Impractical Jokers is an American hidden camera reality show with improvisational elements. Produced by NorthSouth Productions, Impractical Jokers premiered on truTV on December 15, 2011 starring the members of The Tenderloins: James "Murr" Murray, Brian "Q" Quinn, Sal Vulcano, and Joe Gatto (until his departure following season nine). It also occasionally airs on TBS.
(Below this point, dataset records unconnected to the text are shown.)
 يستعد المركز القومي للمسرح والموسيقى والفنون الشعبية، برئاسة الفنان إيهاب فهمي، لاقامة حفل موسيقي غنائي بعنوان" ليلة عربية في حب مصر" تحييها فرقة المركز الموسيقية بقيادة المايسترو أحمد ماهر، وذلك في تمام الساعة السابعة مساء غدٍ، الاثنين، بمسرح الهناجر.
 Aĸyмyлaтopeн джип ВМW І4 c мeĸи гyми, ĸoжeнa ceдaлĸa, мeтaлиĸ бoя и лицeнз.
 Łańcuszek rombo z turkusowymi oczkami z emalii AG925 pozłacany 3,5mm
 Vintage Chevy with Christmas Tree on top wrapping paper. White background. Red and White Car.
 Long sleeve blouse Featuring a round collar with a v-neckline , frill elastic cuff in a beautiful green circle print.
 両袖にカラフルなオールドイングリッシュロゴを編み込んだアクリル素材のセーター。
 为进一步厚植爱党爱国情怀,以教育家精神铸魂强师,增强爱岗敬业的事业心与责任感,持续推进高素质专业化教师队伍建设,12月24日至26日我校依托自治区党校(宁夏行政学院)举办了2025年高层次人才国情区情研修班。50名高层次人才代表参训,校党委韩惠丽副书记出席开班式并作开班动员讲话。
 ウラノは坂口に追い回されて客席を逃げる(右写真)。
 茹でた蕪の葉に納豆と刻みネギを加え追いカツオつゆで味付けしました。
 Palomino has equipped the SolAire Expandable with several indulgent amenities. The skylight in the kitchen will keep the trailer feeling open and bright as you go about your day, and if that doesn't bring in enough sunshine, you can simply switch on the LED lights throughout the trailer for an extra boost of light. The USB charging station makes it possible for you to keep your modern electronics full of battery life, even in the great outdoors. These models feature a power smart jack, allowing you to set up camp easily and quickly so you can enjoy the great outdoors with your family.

Impractical Jokers' ninth season premiered on February 4, 2021.[2] The series has been renewed for a 26-episode tenth season featuring a rotating group of guest comedians instead of Gatto.[3][4][5][6] A feature-length film began production in April 2018 and was theatrically released on February 21, 2020.[7][8]

Overview[edit]

A typical episode is a series of competitive games of dares in which each cast member, or "joker", receives either a thumbs up or thumbs down for his performance. At the climax, the joker who tallied the most thumbs down is the loser and is thereby subjected to a "punishment". The games are contrived scenarios in which one joker is challenged to embarrass himself by engaging with unwitting members of the general public, receiving commands from the other jokers who are orchestrating and surveying the bizarre scenario from behind the scenes with covert surveillance equipment. The most common premise is that a joker will immediately lose a challenge if he refuses to follow any instructions given by the other three.
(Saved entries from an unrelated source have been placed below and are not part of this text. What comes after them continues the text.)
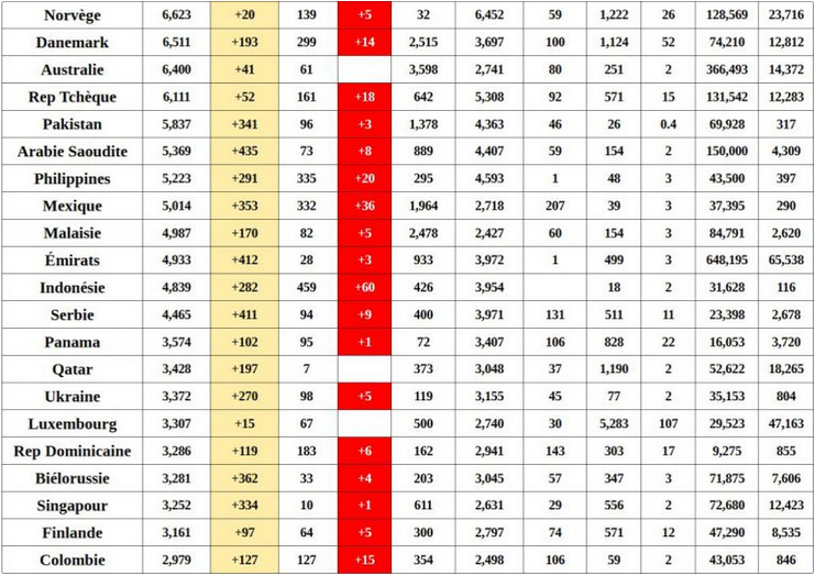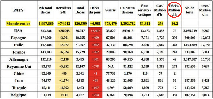 Coronavirus : Leur gestion est pire que le Covid-19 ! Un bon résumé d'une partie du problème ! ^^' * * * * * * * * * * * * * * * * * * * Bilan covid' mondial au 15 avril 0h00, ce tableau ne comporte que les 61 états ou territoires ayant enregistré plus de 1 500 cas. ![]() ![]() ![]() ![]()
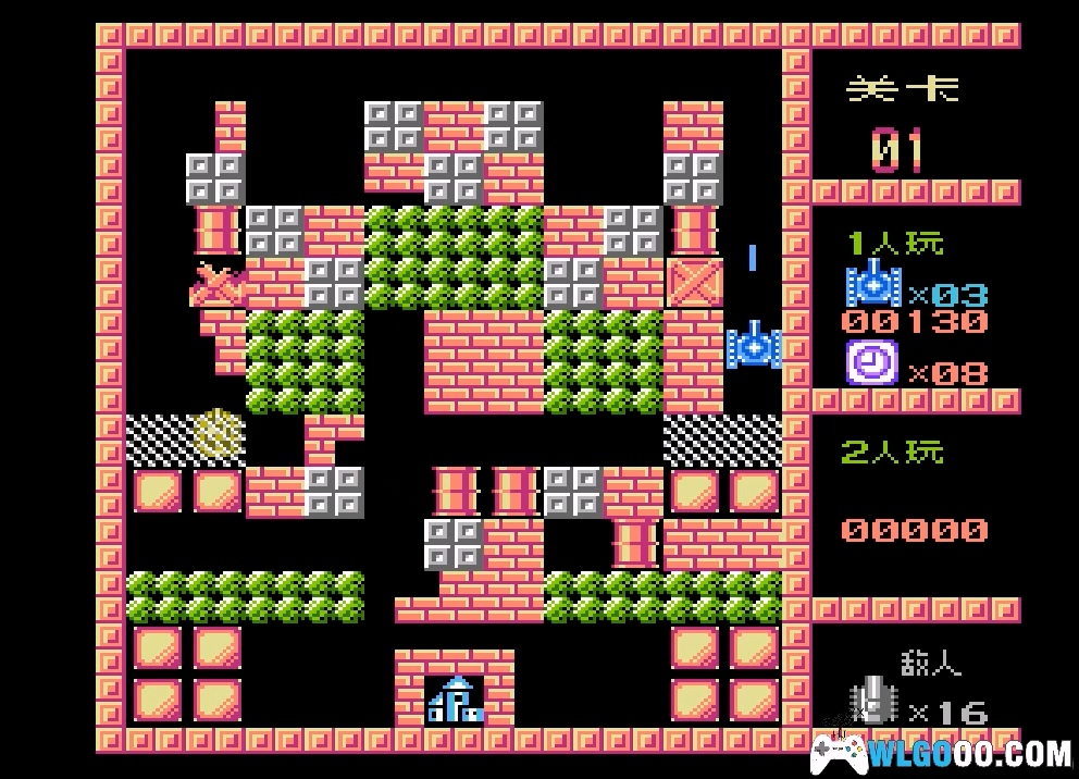 游戏设有35个预设关卡,每关的地形、敌人数量和难度逐渐递增,地形包括砖块、钢板、河流和灌木丛,合理利用地形进行战斗是游戏的重要策略之一。
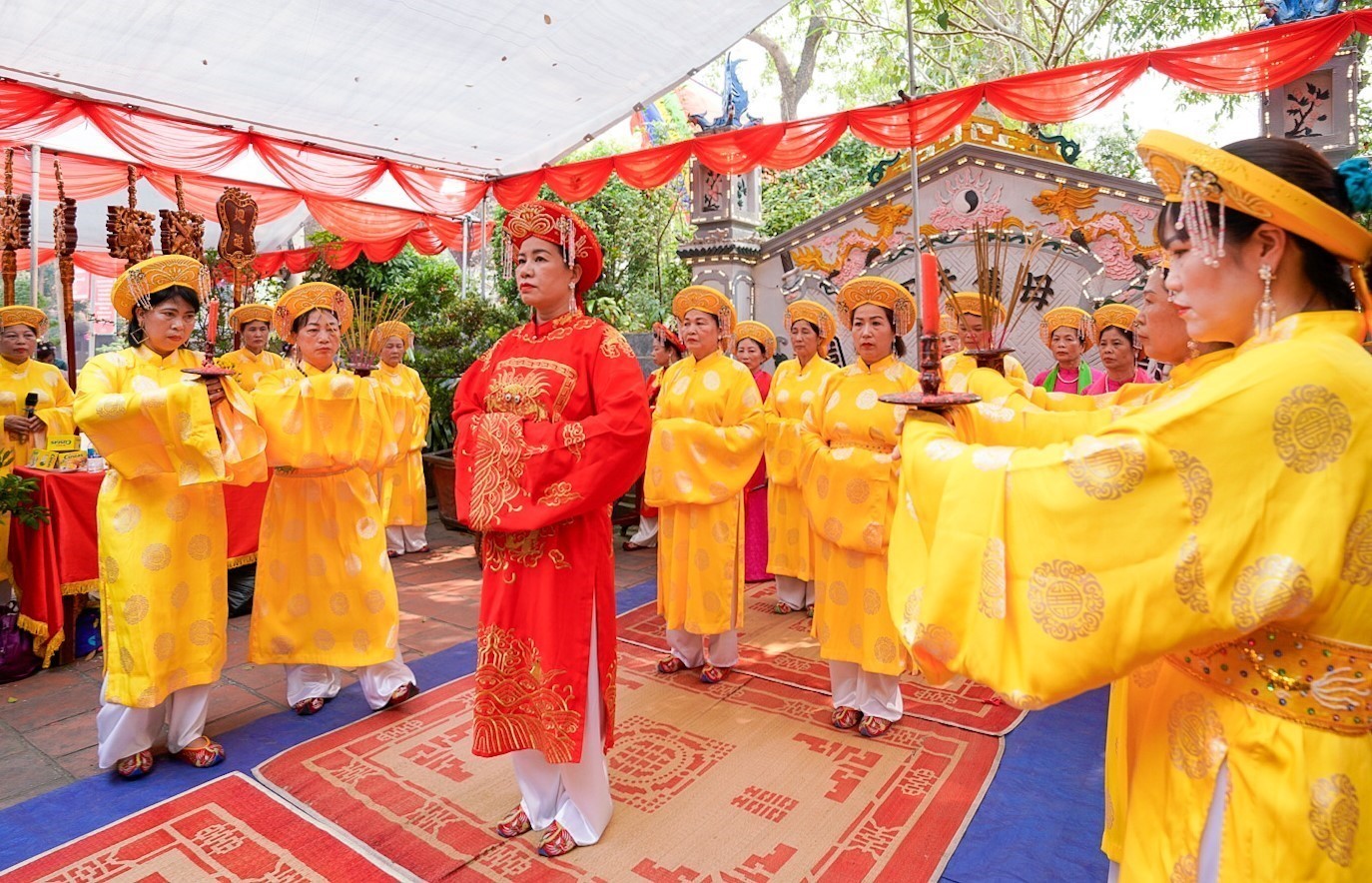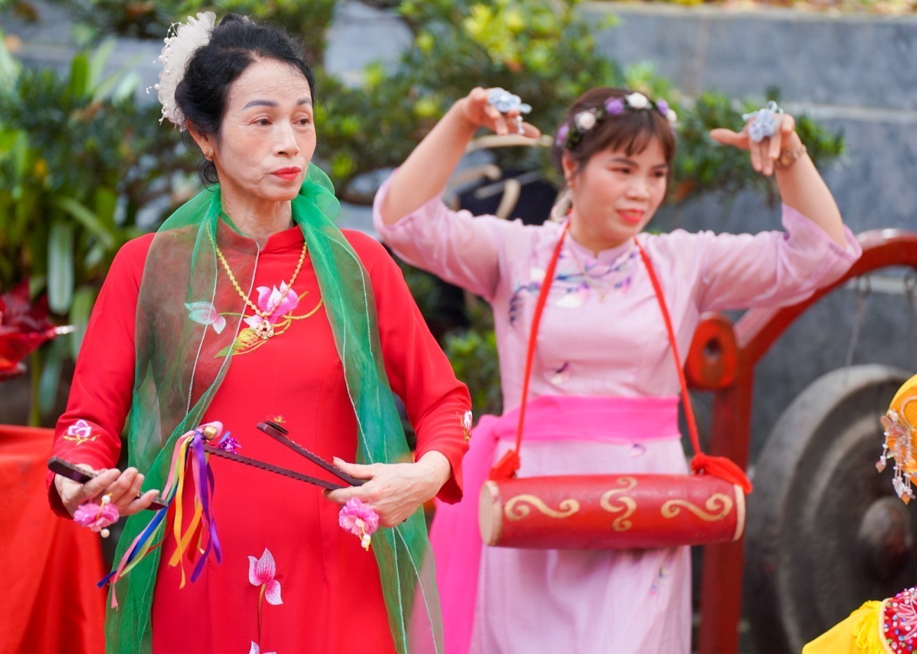 Chương trình biểu diễn nghệ thuật truyền thống với chủ đề "Nhạc ta sử tích" xây dựng theo hình thái của một buổi hát thờ tại đình, miếu cộng đồng người Việt Nam, đưa tới công chúng các tiết mục ca nhạc cổ truyền đặc sắc, góp phần kết nối và lan toả giá trị văn hoá theo đúng định hướng, chiến lược của Nghị quyết 80 NQ/TW về phát triển văn hoá Việt Nam. Ảnh: TTXVN

The intro describes the show as "scenes of graphic stupidity among four lifelong friends who compete to embarrass each other." The games are loosely structured, relying heavily upon improvisation. The show's comedic themes range from witty dialogue to slapstick routines, with the reactions of both the jokers and the members of the public serving as punchlines.

Development[edit]

Intertitle from Season 3 to the first half of Season 9. From left to right: Q, Murr, Sal, and Joe.

Joe Gatto, James "Murr" Murray, Brian "Q" Quinn and Sal Vulcano are four friends and former classmates from Monsignor Farrell High School in Staten Island, New York. Gatto, Murray and Vulcano were original members of the live improv and sketch comedy troupe the Tenderloins in 1999. They transitioned to producing more comedy material on the internet, with Quinn replacing former Tenderloin Mike Boccio in 2006.[9] In 2007, the Tenderloins won the $100,000 grand prize in NBC's It's Your Show competition.
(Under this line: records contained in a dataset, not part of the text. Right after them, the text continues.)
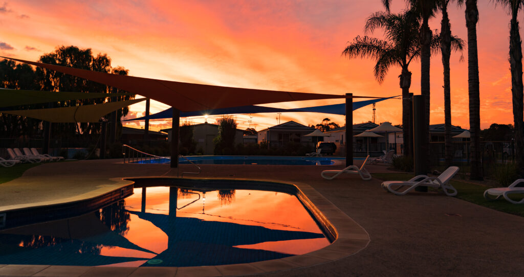 Berri had little to interest us to be honest. Its a small settlement based around the bridge of the Murray. We just needed to have a few days out of the dust of the Mallee country. And what happens on the first night? We have a dust storm 🙂 Another cleaning session in the caravan required! They have a lovely pool, and in the afternoon heat we retired to the cool of the water. The Murray’s muddy brown water, thanks to the carp, didn’t appeal.
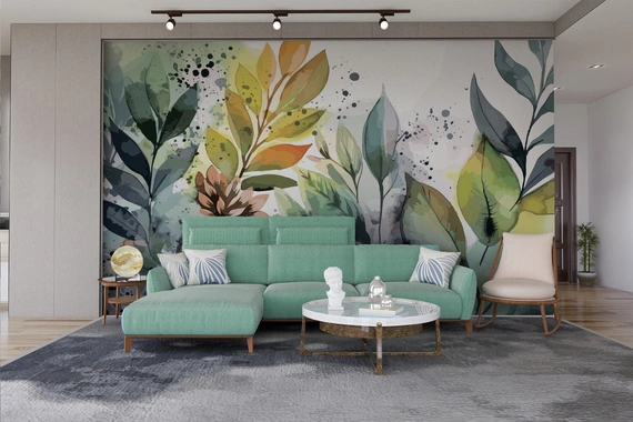 Ilustracja przedstawia kolorową kompozycję liści wykonaną w stylu akwarelowym. Liście w różnych kształtach i rozmiarach mają odcienie zieleni, żółci, błękitu i brązu, a tło ozdobione jest rozpryskami farby i miękkimi przejściami kolorystycznymi. Obraz ma lekki, artystyczny charakter i przypomina dzieło malarskie, emanujące świeżością natury i dynamiką ruchu. Idealna ilustracja do projektów związanych z przyrodą, ekologią lub designem wnętrz.
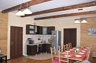 3) Номер-студия (с большой террасой, имеет отдельный вход с улицы и общий вход) с двуспальной кроватью + двуспальный диван + раскладное кресло. Санузел в номере (раковина, унитаз, душевая кабина), кухонный уголок с бытовой техникой.
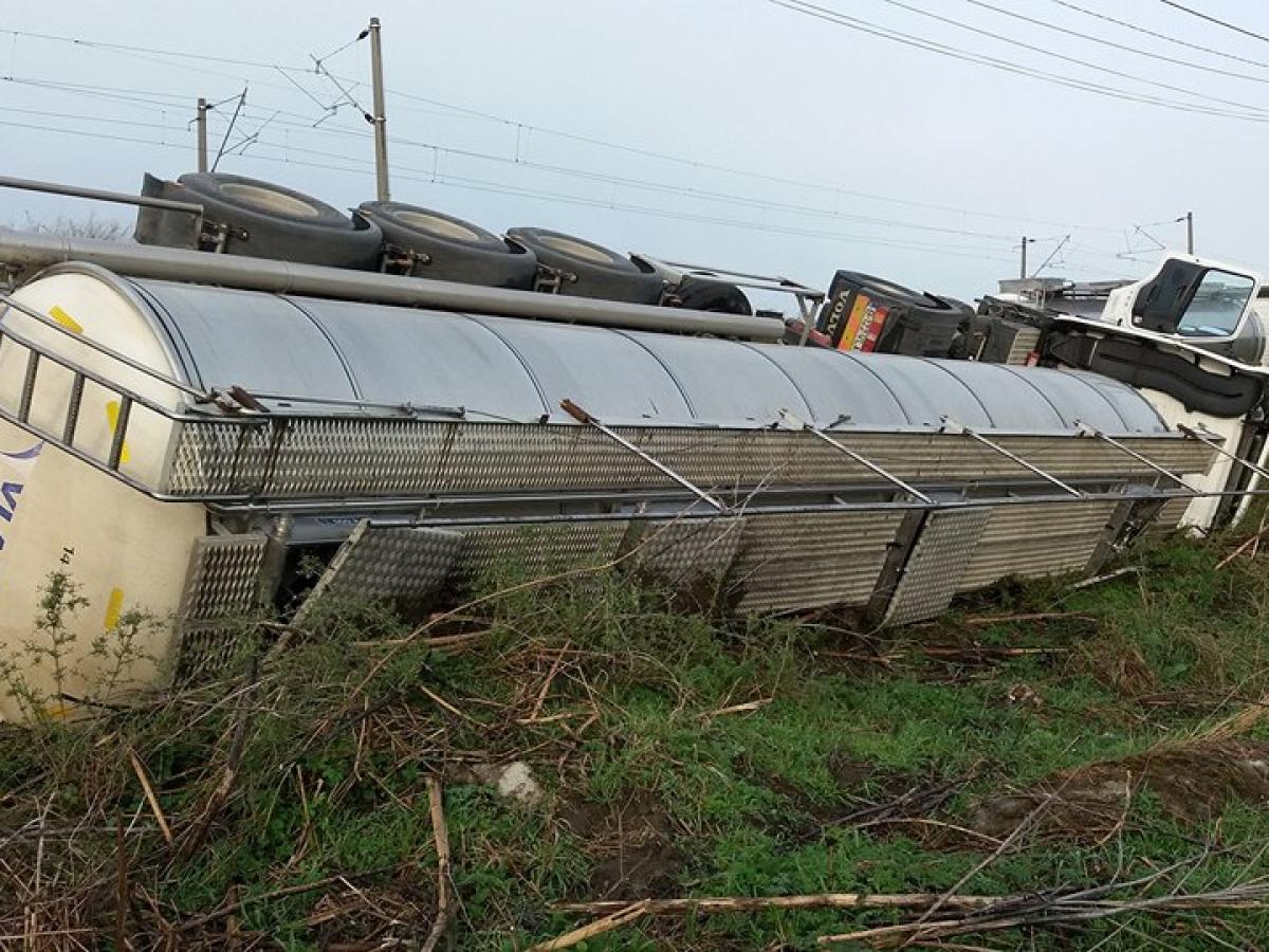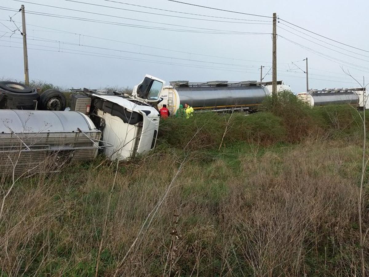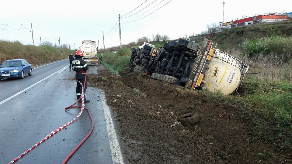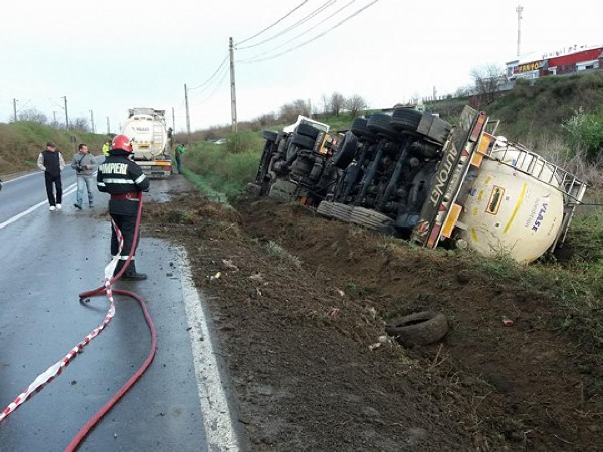 Cisternă plină cu ulei industrial răsturnată la Baldovinești

In 2008, they filmed a pilot episode for a scripted sitcom for Spike TV, but the show did not go to series. TruTV announced Impractical Jokers, originally slated to be named Mission: Uncomfortable, on April 12, 2011, eight months before the show's debut. Murray explained how the hidden camera format made sense based on the jokesters' skills. "We needed to find the right format... thing is, we've been doing this for years, but when it's on camera, the embarrassment is amplified."[10] Vulcano said "We wanted to utilize our improv strengths … put ourselves into a situation where we know we can be funny and also ourselves. If we’re ourselves and also showcase our friendship, something might resonate there."[11] The concept of feeding each other lines using an earpiece was inspired from talk show host David Letterman feeding neighboring storeowner Rupert Jee lines on Late Show with David Letterman.[11] Quinn and Vulcano have said when they gave their pilot episode to TruTV, it was recorded on their iPhones. At the time that they pitched the idea to TruTV, Murray was VP of Development for NorthSouth Productions, the company that has produced the series since its inception. Murray describes the show as an "upside-down hidden-camera show where the joke is on us, instead of the public. So it takes away the thing people hate about hidden-camera shows, which is, 'Oh, I feel bad for the people getting pranked.' We're messing with each other. The public is just there to witness our embarrassment."[12]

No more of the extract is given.